So, does that mean that Barack Obama is the next President? Here’s why I think not – for as much progress as has been made in the US over the past 50 years in race relations this is still a profoundly racist country.  While people will not hesitate to say openly to pollsters that they wouldn’t vote for Hilary Clinton if you put a gun to their heads and ordered them to, they’re not going to openly declare an unwillingness to vote for a black man.  So no polls are going to suss this out.  But that doesn’t mean it’s not there.  Regardless of racism, Obama’s got two other strikes against him – he’s an inexperienced politician who has never held an executive position and he’s a Senator.

On the latter point first – the last sitting Senator to be elected President was John F. Kennedy in 1960.  Americans have not supported the candidacies of people from Congress moving into the White House for a long time.  Dubya = governor, Clinton = governor, Bush the First = businessman with a past political history, Reagan = former governor, Carter = governor, Ford = not elected, Nixon = former VP, Johnson = VP who ascended to the Presidency on the death of the President.  Members of Congress who have gotten their asses handed to them = Kerry, Bob Dole, George McGovern, Barry Goldwater.  That’s not to say that we Americans don’t like our Senators.  We just don’t think the things that make someone a good Senator make him or her a good President. The trends do bode well for Bill Richardson though, who actually probably wouldn’t be a half-bad President, but that’s fodder for another blog entry.

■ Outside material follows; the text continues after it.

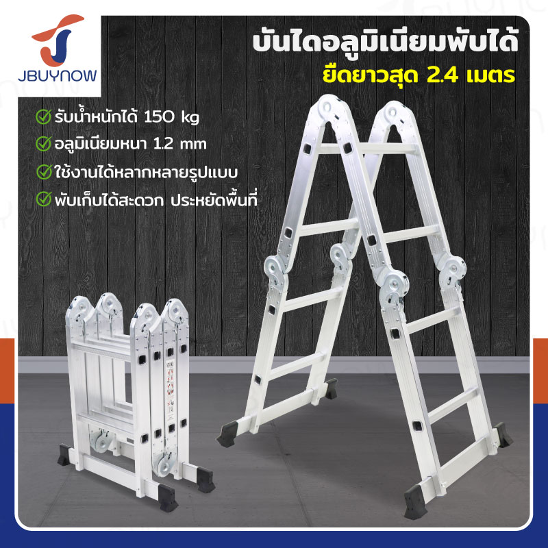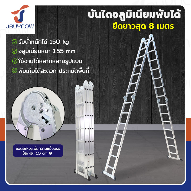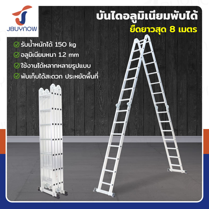 บันไดพับได้ อลูมิเนียมแท้ทั้งตัว 8 ขั้น 2.4M SMJ4X2
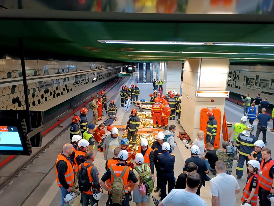 Salvatorii DSU și echipe ale ISC au continuat exercițiul „SEISM 2025” la metrou. O garnitură de tren a fost prinsă sub dărâmături

On the first point against Obama, his lack of experience, that’s already showing in his campaign.  He comes across as a thoughtful, serious and gentle man, but he cannot point to any point in his life where he’s actually been a leader who was responsible for managing the work of many, many people.  He’s very obviously a professional politician and he’s also very obviously a skilled legislator.  If he was white he’d have a tough time selling himself as chief executive of the US of A.  But he’s black, and that’s not going to help him in the south or in the American suburbs.

There’s still a lot of time left in this campaign.  There’s plenty of time for other candidates to surface on both sides, but if the roster doesn’t change and Edwards doesn’t bow out entirely at the moment my money’s on him to go all the way.

What I’d really like to see though is for [tag]Al Gore[/tag] to throw his hat into the ring.  And this time instead of hiring nitwits to run his campaign he should just run it himself.  Go full bore grassroots.  Here’s the slogan – in 2000 most Americans voted for Al Gore – this time let’s make it official.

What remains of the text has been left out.